Чехов прекратил бороться с выданным заботливой медсестрой халатом, который ни за что не желал прикрывать сразу оба его широченных плеча, с любопытством посмотрел на Крутикова, потом на меня. Не дождавшись поддержки с моей стороны, вцепился маленькими глазками в психиатра и деловито сказал:
– А, доктор, наконец-то мы встретились! Хотя, признаюсь, увидеть вас здесь не ожидал.
Крутиков спокойно выдержал его пронзительно-профессиональный взгляд, посмотрел вопросительно на сгорающую от любопытства Марию Ивановну.
– Товарищи из органов, – услужливо шепнула та, захлебываясь от счастья.
– Ах, вот как, – снисходительно проронил Крутиков.
Чехов крякнул, обнял медсестру за костлявые плечи и начал настойчиво подталкивать ее к двери, быстро шепча что-то на ухо. Медсестра, сосредоточенно кивая, послушно вышла за порог, но там неожиданно встрепенулась.
– Так нет же, – жизнерадостно заявила она во весь голос, – имя у больного теперича имеется! И фамилия тоже! Попов Игорь Геннадьевич.

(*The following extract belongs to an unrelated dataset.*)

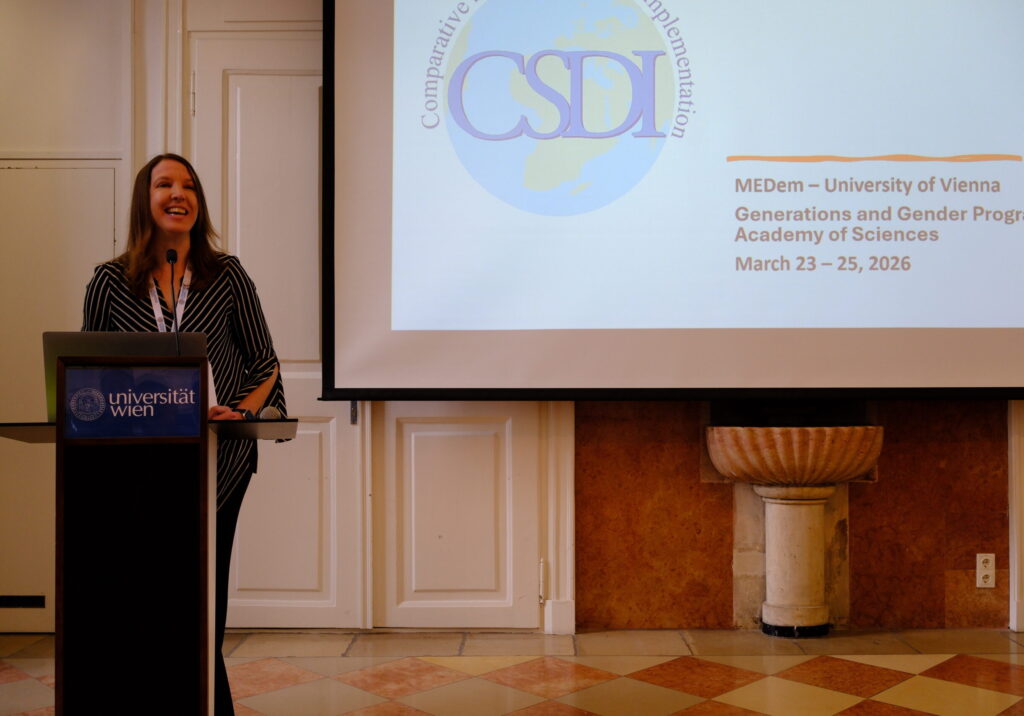 From 23 to 25 March, the CSDI Workshop 2026 took place at the “Aula am Campus” of the University of Vienna, hosted by MEDem (Monitoring Electoral Democracy) and the GGP (Generations & Gender Programme). Bringing together researchers and practitioners in comparative survey design and implementation (CSDI), the workshop provided a forum for exchanging innovative methods and tools to advance comparative survey research across countries and disciplines.

Чехов развернул медсестру лицом к себе, сурово поинтересовался:
– Откуда информация?
– Тетка его нашлась, – торопливо пояснила медсестра, непроизвольно вытягиваясь по стойке «смирно». – Вчерась приехала, под вечер уже. Из-под этого, как его… Воронежа!
– Где тетка?
– В магазин побежала, за фруктами, – разочарованно сообщила Мария Ивановна, выражая крайнюю расстроенность тем, что не может предъявить недисциплинированную тетку полковнику сию минуту.
– Понятно. Мария Ивановна, – торжественно сказал Чехов, – благодарю за своевременно предоставленную информацию!
Медсестра просияла. Я ожидал, что она сейчас рявкнет что-то типа «Служу Советскому Союзу!», но старушка только коротко и многозначительно сказала:
– Всегда!
Потом проронила, адресуясь к остальным, то есть к нам, сирым:
– До свидания! – Признательно посмотрела на полковника. – Если понадоблюсь…
И строевым шагом удалилась.
– Старая закалка! – восхитился Чехов, плотно прикрывая дверь. – Ну-с, господа, на чем мы остановились?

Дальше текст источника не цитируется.